Your objective: Return the material below exactly, but only from the line with "The salt marshes" through the line with "Welcome guests to", and without its pictures.

(Records supplied Opens)

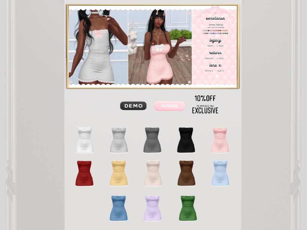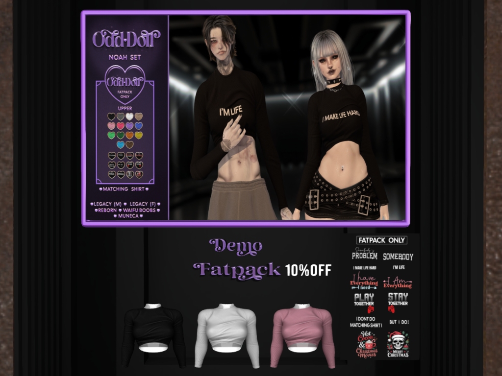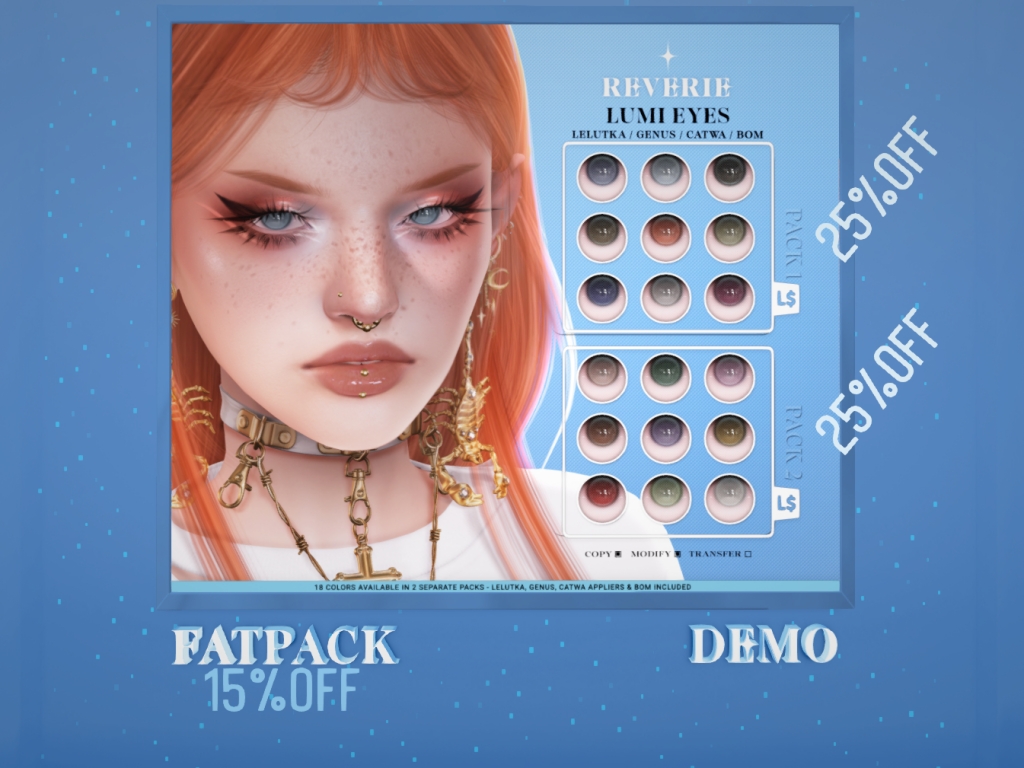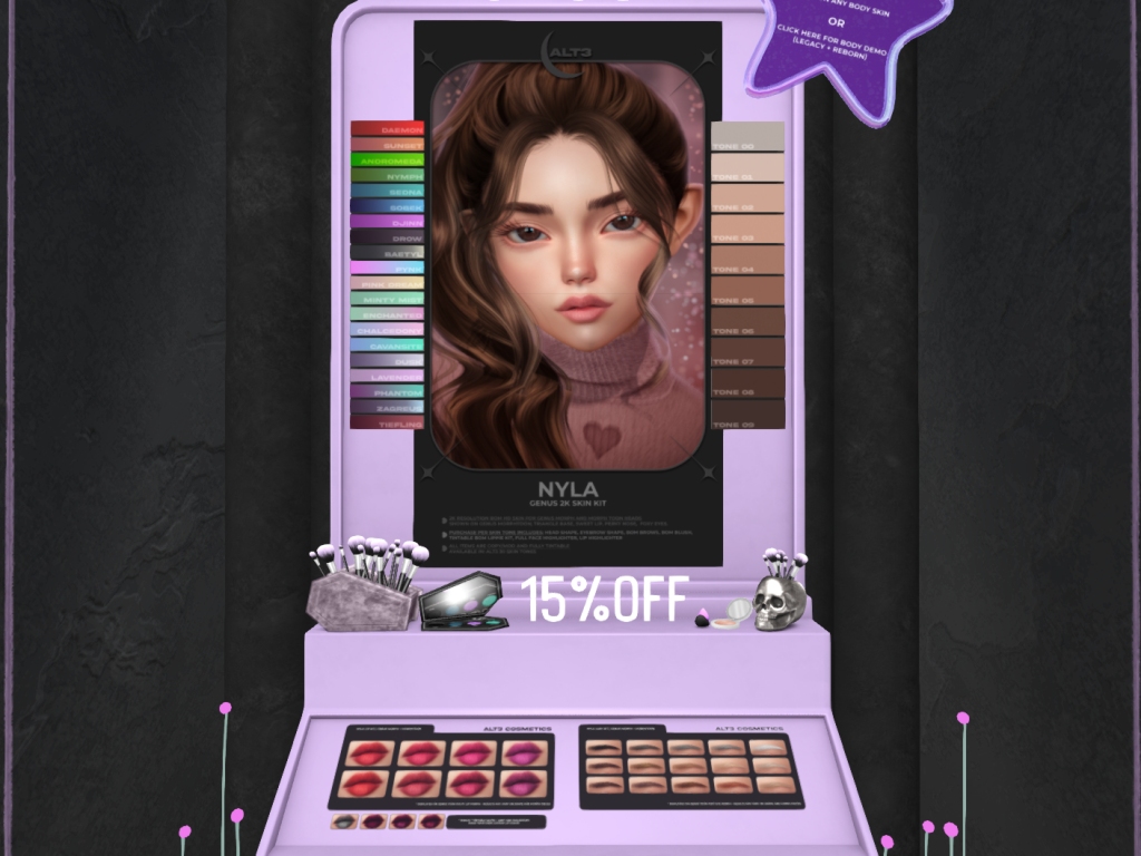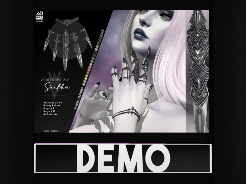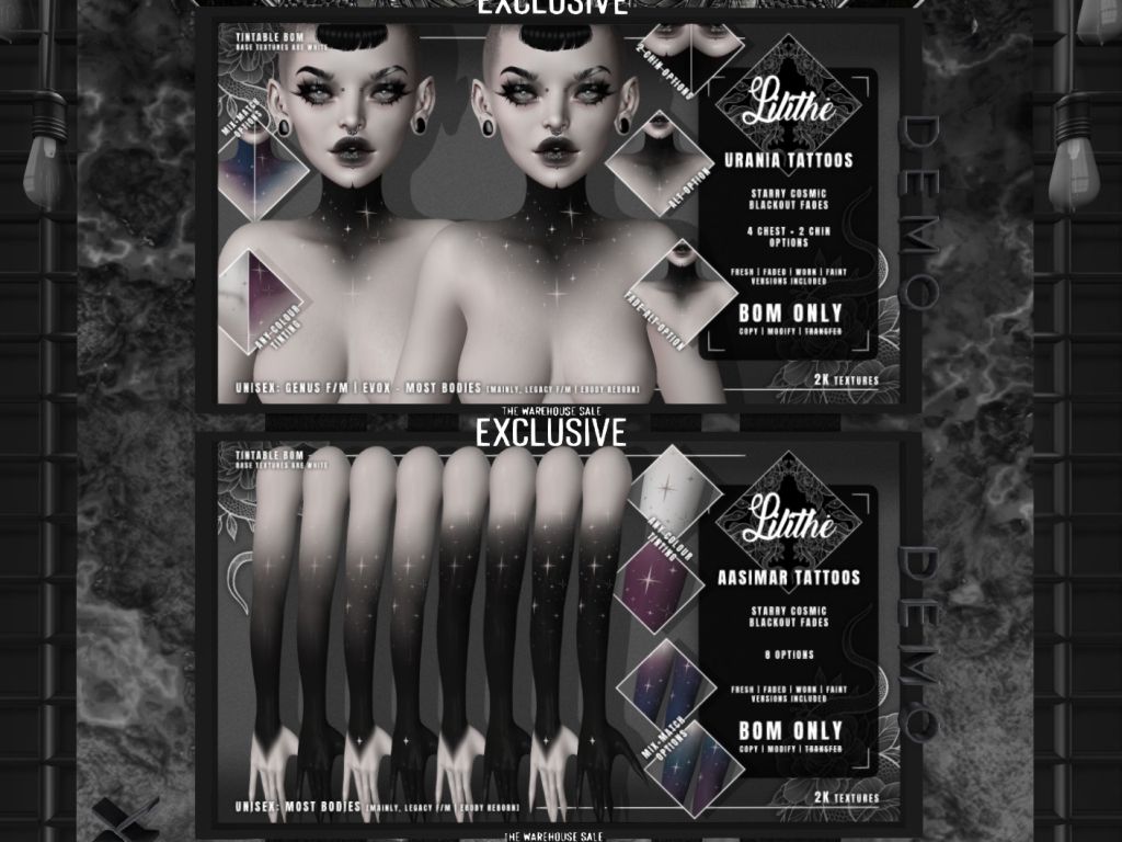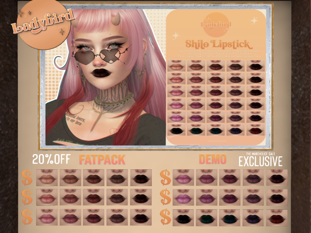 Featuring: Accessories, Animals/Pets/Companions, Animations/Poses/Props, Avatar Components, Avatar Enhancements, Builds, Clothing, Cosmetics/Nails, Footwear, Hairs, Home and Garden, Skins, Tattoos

(Records supplied Closes)
(Records supplied Opens)

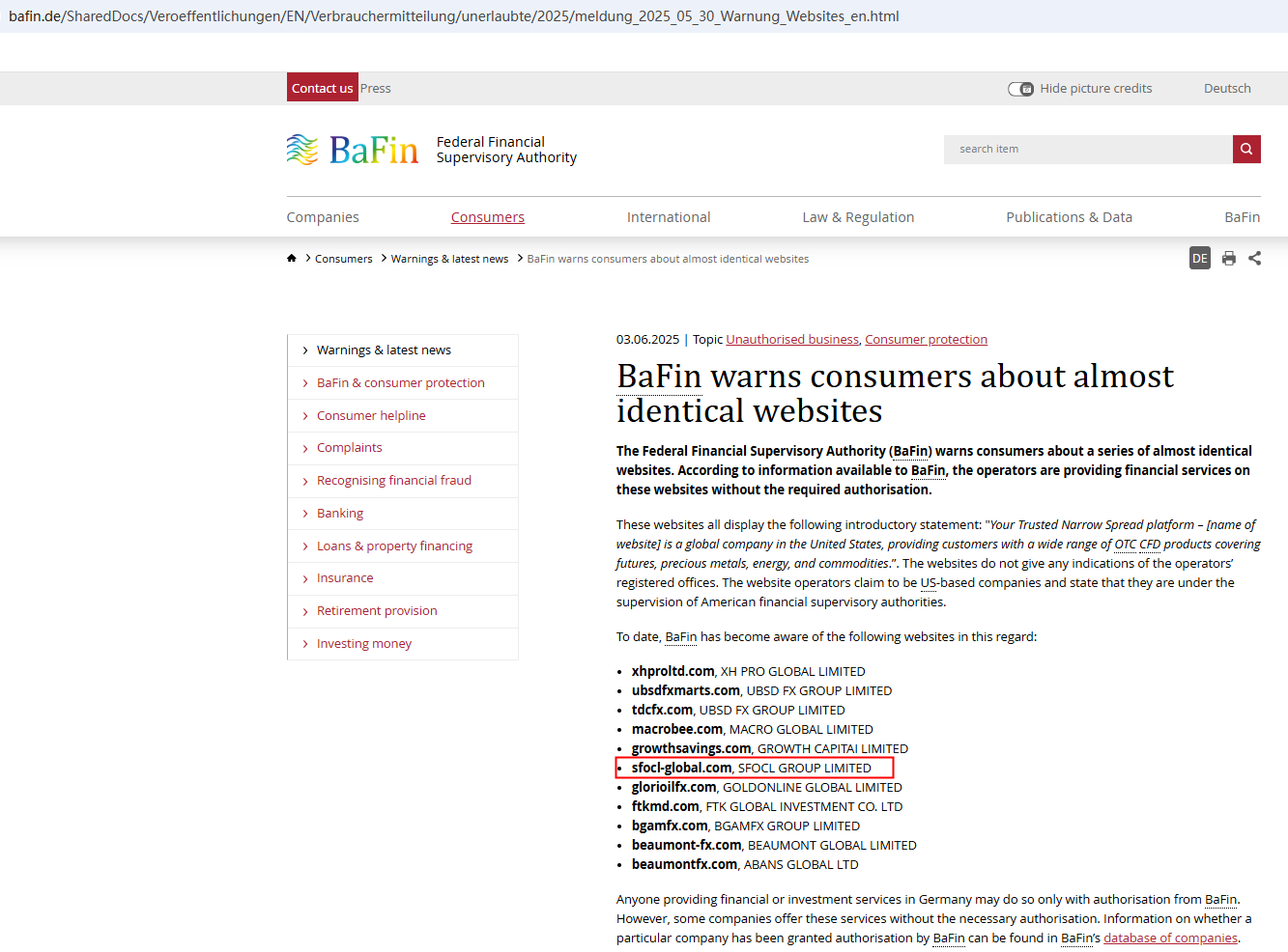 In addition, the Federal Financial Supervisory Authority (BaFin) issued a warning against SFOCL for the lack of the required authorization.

(Records supplied Closes)
(Records supplied Opens)

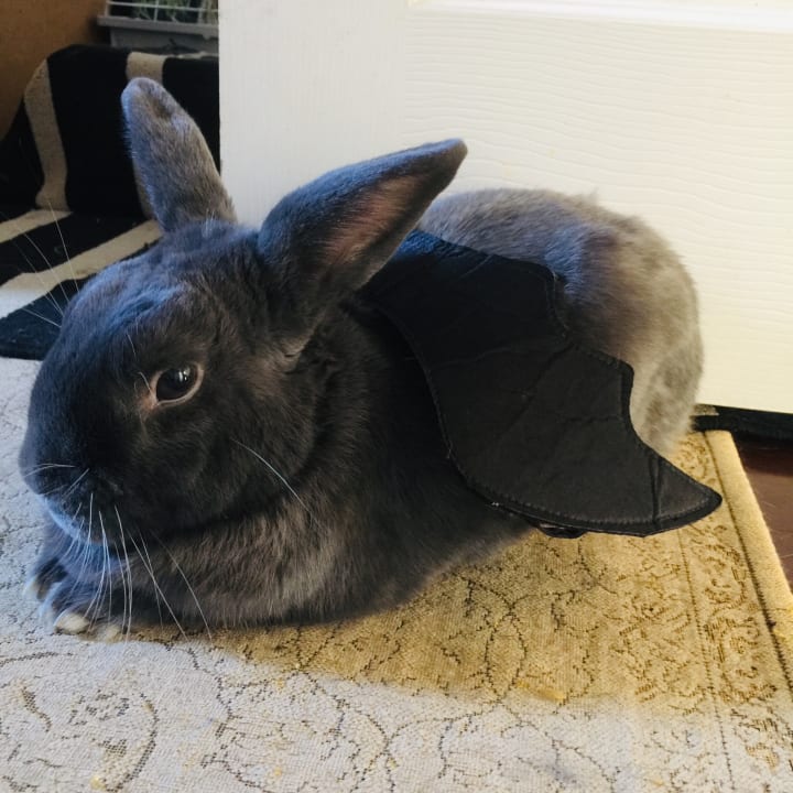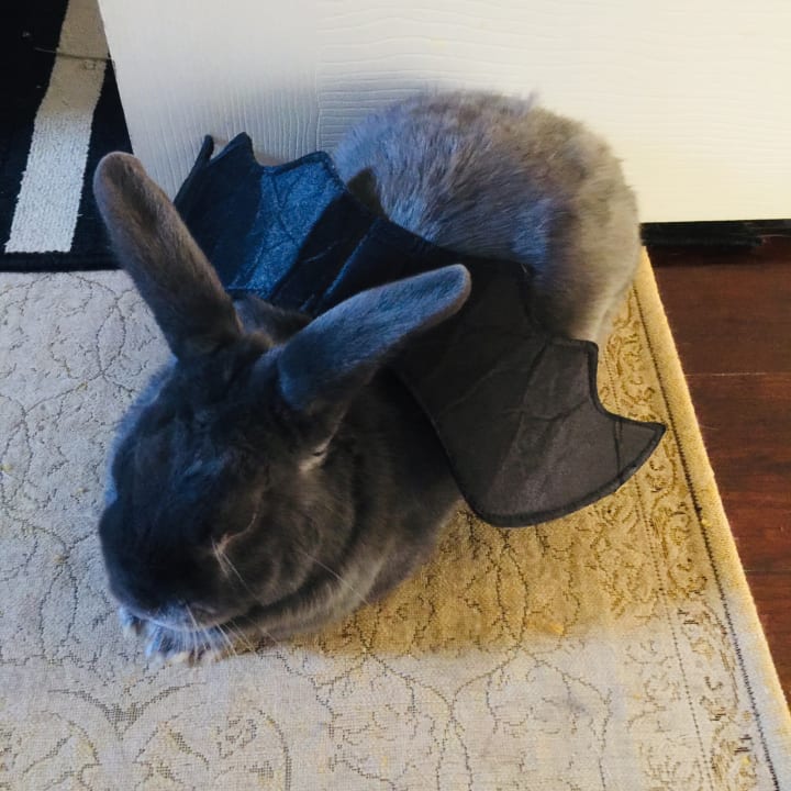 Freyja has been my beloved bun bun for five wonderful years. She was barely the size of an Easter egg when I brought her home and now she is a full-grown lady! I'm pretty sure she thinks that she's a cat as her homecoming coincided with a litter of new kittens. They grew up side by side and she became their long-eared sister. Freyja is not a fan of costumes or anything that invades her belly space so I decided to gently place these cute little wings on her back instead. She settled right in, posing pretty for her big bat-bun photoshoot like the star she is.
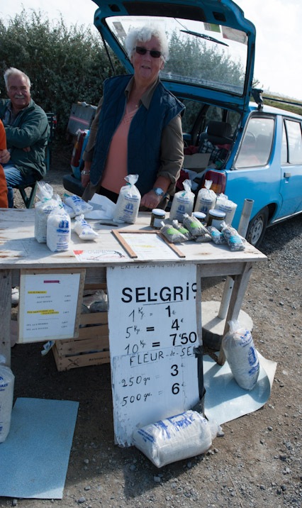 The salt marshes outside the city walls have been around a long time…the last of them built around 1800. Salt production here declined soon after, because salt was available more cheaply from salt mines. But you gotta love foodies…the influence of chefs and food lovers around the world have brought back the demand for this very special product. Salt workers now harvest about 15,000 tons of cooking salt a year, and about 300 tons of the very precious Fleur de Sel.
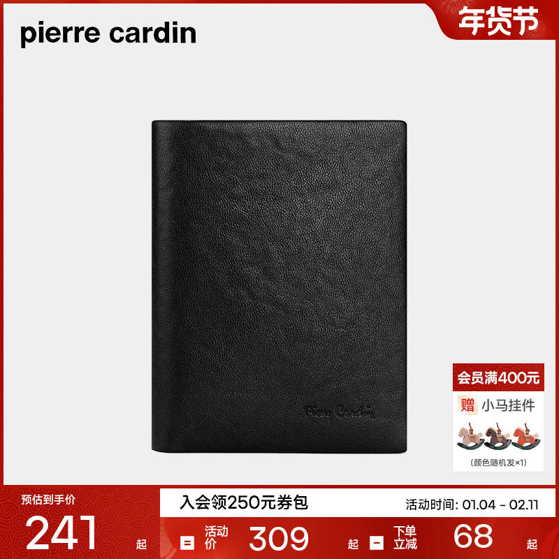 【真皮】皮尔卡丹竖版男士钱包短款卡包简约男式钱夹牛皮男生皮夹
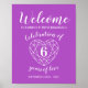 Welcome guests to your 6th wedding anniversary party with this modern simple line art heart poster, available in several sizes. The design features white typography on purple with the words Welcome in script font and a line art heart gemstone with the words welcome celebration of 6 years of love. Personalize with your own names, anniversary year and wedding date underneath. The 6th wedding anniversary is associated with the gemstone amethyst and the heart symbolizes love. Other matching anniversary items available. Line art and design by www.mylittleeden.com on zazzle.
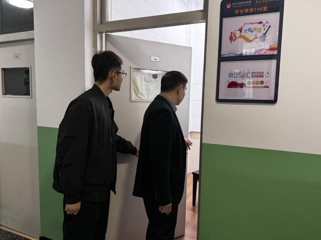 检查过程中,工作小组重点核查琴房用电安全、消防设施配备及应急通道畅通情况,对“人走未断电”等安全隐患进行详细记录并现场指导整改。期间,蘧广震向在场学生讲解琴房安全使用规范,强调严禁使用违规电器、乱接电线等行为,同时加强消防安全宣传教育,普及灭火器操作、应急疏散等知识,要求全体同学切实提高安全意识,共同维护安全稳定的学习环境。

(Records supplied Closes)

Reply to the task:
 The salt marshes outside the city walls have been around a long time…the last of them built around 1800. Salt production here declined soon after, because salt was available more cheaply from salt mines. But you gotta love foodies…the influence of chefs and food lovers around the world have brought back the demand for this very special product. Salt workers now harvest about 15,000 tons of cooking salt a year, and about 300 tons of the very precious Fleur de Sel.
 【真皮】皮尔卡丹竖版男士钱包短款卡包简约男式钱夹牛皮男生皮夹
 Welcome guests to your 6th wedding anniversary party with this modern simple line art heart poster, available in several sizes. The design features white typography on purple with the words Welcome in script font and a line art heart gemstone with the words welcome celebration of 6 years of love. Personalize with your own names, anniversary year and wedding date underneath. The 6th wedding anniversary is associated with the gemstone amethyst and the heart symbolizes love. Other matching anniversary items available. Line art and design by www.mylittleeden.com on zazzle.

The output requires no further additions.